The Employee interface you've designed is clearly lacking abstraction, since you have a dynamic_cast in the program to test if an employee is of a specific type.

Employee should instead have a virtual method such as DoWork() which in turn will call Compiling() for Programmer, Selling for a SalesPerson and so forth:

class Employee 
{
public:
    ....

    // Virtual function with no default implementation (= 0)
    virtual void DoWork() const = 0;
};

class Programmer 
{
public:
    void DoWork() const { Compiling(); }
};

class SalesPerson
{
public:
    void DoWork() const { Selling(); }
};

The constructor of Employee sets salary to 1000 unconditionally. Perhaps it would be better to take salary as a constructor parameter so you can easily specify different salaries:

Employee(double salary) : salary(salary) { }

BTW, double seems more appropriate for a monetary value, as it is likely to include decimal places. int is for whole numbers only.
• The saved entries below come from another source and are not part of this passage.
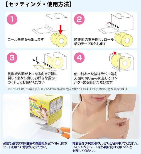 薄さ0.025mmの特殊透明フィルムを肌に直貼りするだけで、気になる汗ジミを抑えることが出来ます♪直貼りなのに肌なじみが良く、つけていることを忘れるほどの使用感。また、透明フィルムなのでノースリーブなどの服の時にもご使用頂けます!!ワキのサイズに合わせて長さ調節が可能なロールタイプです。 |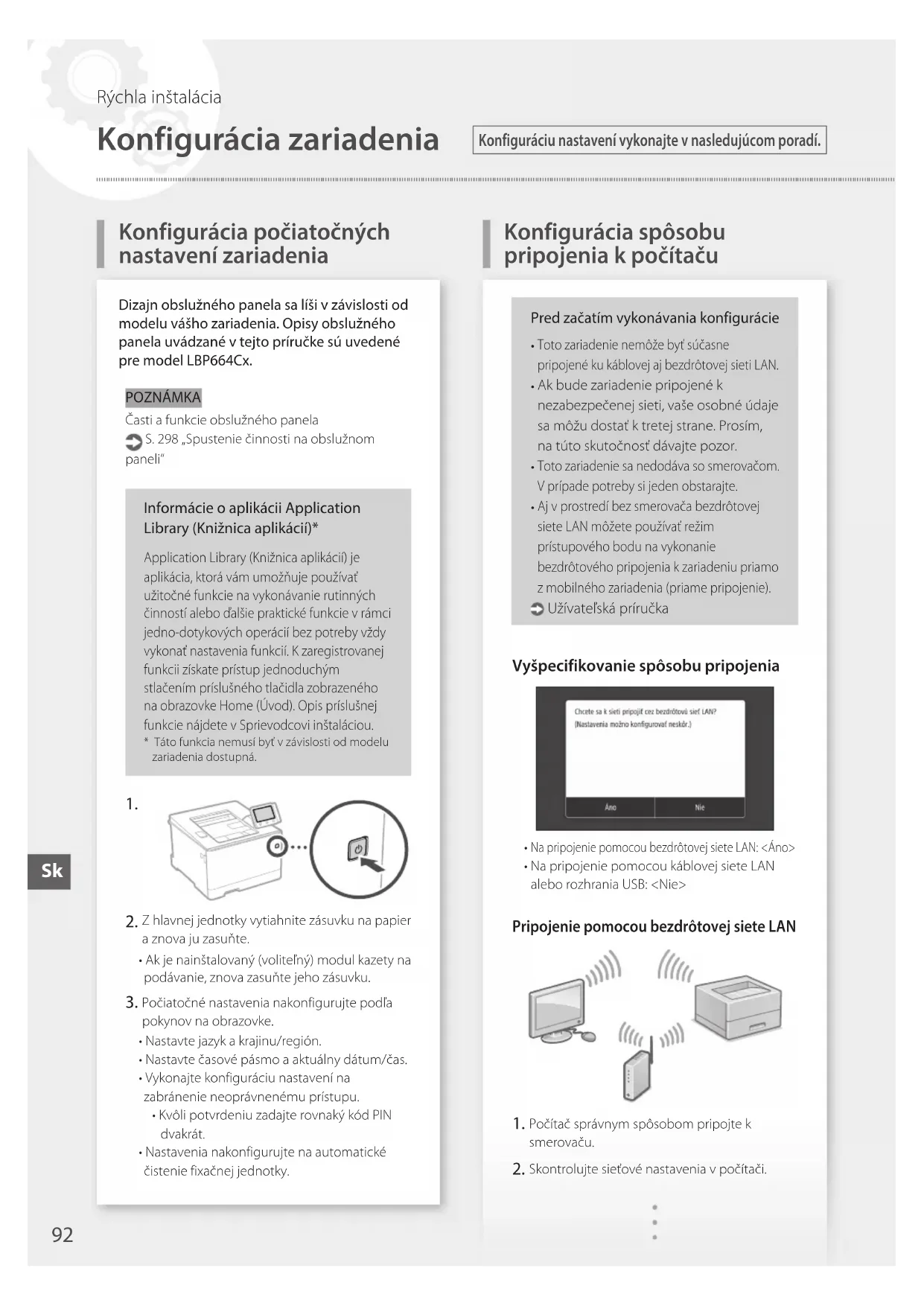 Konfigurácia zariadenia Konfiguráciu nastavení vykonajte v nasledujúcom poradí. Rýchlainštalácia SkPodrobnosti nájdete v časti „Inštalácia pomocou sprievodcu inštaláciou“ v dokumente Užívateľská príručka Zapíšte si identifikátor SSID a sieťový kľúč.•Skontrolujteetiketunasmerovači. Užívateľská príručka•Činnosťnastaveniajejednoduchšia,akjesmerovač vybavený značkou WPS. Užívateľská príručka Podľa pokynov na obrazovke nižšie nastavte prístupový bod a sieťový kľúč.1. Vyberte <OK>.2. Vyberte <Nastavenia SSID>.3. Vyberte <Vybrať prístupový bod>.4. Vyberteprístupovýbod(identifikátorSSID)avyberte<Ďalej>.5. ZadajtekľúčWEP(sieťovýkľúč)avyberte<Použiť>.6. Vyberte<Áno>.•Počkajtenazobrazeniesprávy<Pripojené.>.7. Vyberte<Zatvoriť>.•AdresaIPsaoniekoľkominútautomatickynakonfiguruje. Nainštalujte ovládač a softvér. S. 94 „Inštalácia softvéru“Teraz ste dokončili konfiguráciu počiatočných nastavení. Pripojenie pomocou káblovej siete LAN Zariadenie sa nedodáva so sieťovým káblom LAN.V prípade potreby si kábel obstarajte. Počítač správnym spôsobom pripojte k smerovaču. Skontrolujte sieťové nastavenia v počítači. Pripojte sieťový kábel LAN.•Popripojeníkáblaniekoľkominútpočkajte(kýmsaautomatickynastavíadresaIP).•AkstatickúadresuIPnastavilpočítač,IPadresuzariadenia nastavte ručne. Nainštalujte ovládač a softvér. S. 94 „Inštalácia softvéru“Teraz ste dokončili konfiguráciu počiatočných nastavení.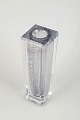 Optisk vase udført i massivt klart glas med indlagt spiralformet sort mønster, slebne og polerede flader. Et sofistikeret eksempel på Lindstrands sene design for Kosta Boda, hvor teknisk præcision og visuel bevægelse mødes i et skulpturelt formsprog.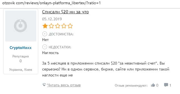 Далее представлен отзыв в котором аферисты Либертекс используют даже простои по счету себе в прибыль. Там сказано, что мошенники за 5 месяцев открытого счета списали с аккаунта клиентки 20 долларов США. Ни на одном сервисе еще такого не было, а тут просто нет слов происходящему.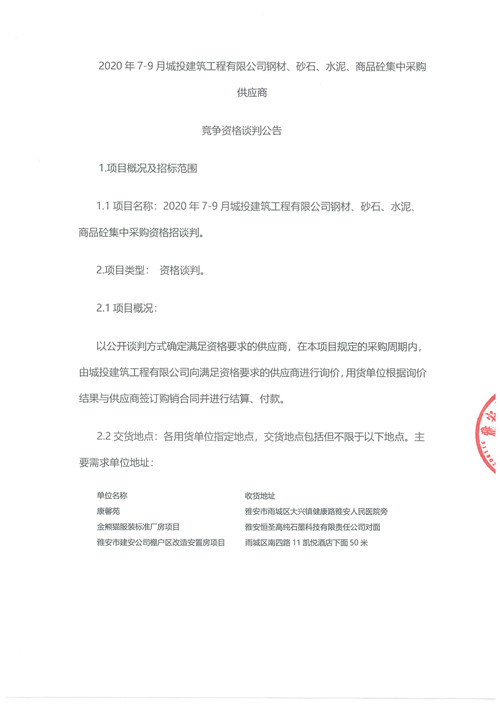 2020年7月-9月城投建筑工程有限公司鋼材、砂石、水泥、商品砼集中采購供應(yīng)商競爭性資格談判公告

The destructor of Employee is empty, so it should be made a default:

virtual ~Employee() = default;

Memory management tidbits:

It is generally better to avoid manual memory management, as it is error prone, not exception safe, and slipping a memory leak is very easy. In fact, in your current example, the objects you've allocated with new are not being destroyed. Remember that C++ is not garbage collected. You would have to delete them somewhere.
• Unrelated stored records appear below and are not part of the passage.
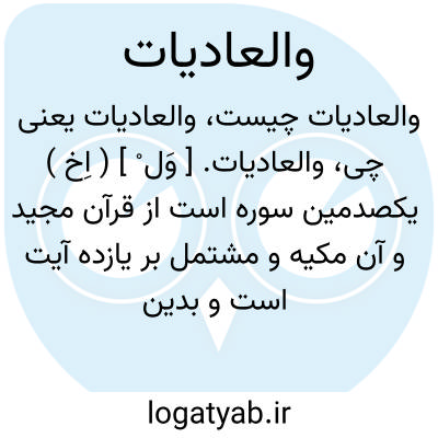 والعادیات. [ وَل ْ ] ( اِخ ) یکصدمین سوره است از قرآن مجید و آن مکیه و مشتمل بر یازده آیت است و بدین آیت آغاز شود: والعادیات ضبحا.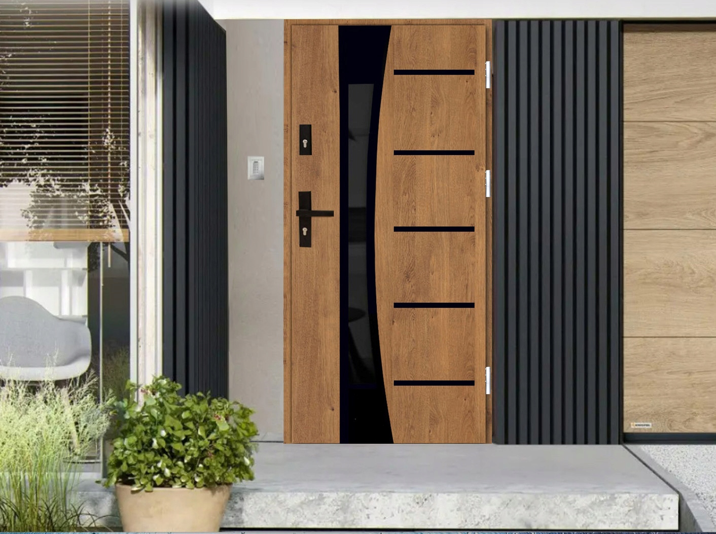 Цвет ЧЕРНАЯ СТРУКТУРА (слева) + цвет ДУБ БОЛОТНЫЙ (справа) Остекление DARK REFLEX: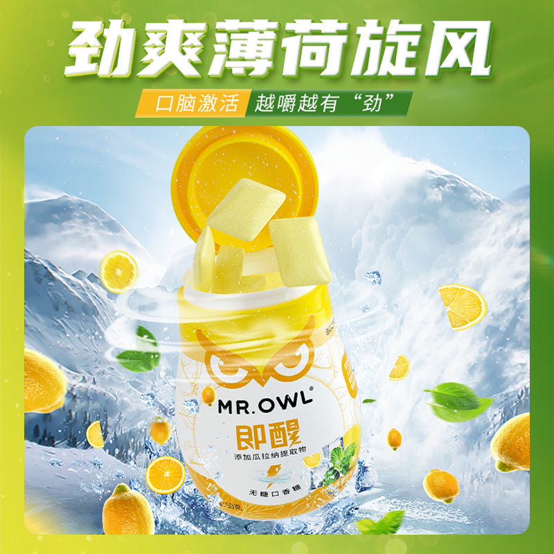 Strong mint lemon flavor instant wake-up sugar-free chewing gum large-capacity fresh breath xylitol canned Mr. Owl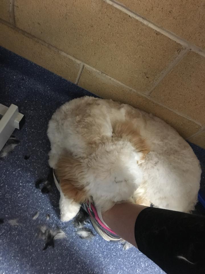 This beautiful boy is Boston the labradoodle. He has his routine when he comes in for his groom. First lots of play time, then groom, then at the end of the groom, fall asleep on table, then when on floor he will sit near my legs. At his last groom I felt him literally wrap his paws around my leg and fall asleep. Man dogs are just the best creatures on earth.

You should ideally be using an automatic pointer to manage your dynamic instances. main() could be reworked in the following way:

#include <array>
#include <memory>

int main()
{
    std::array<std::unique_ptr<Employee>, 3> company;

    int choice = 0;
    for (int i = 0; i < company.size(); i++)
    {
        std::cout << "(1) Programmer (2) SalesRep: ";
        cin >> choice;

        if (choice == 1)
        {
            company[i].reset( new Programmer );
        }
        else
        {
            company[i].reset( new SalesPerson );
        }
    }

    ....
}

You should note in the example above the use of std::unique_ptr and std::array. The unique_ptr is a managed pointer that will delete the object automatically when you leave the function scope. This way you don't have to worry about memory leaks. std::array is a fixed size array which behaves just like a plain C array, but with some extra member methods and debug bounds checking. It also knows its length, so we no longer need to keep that numEmployees constant around.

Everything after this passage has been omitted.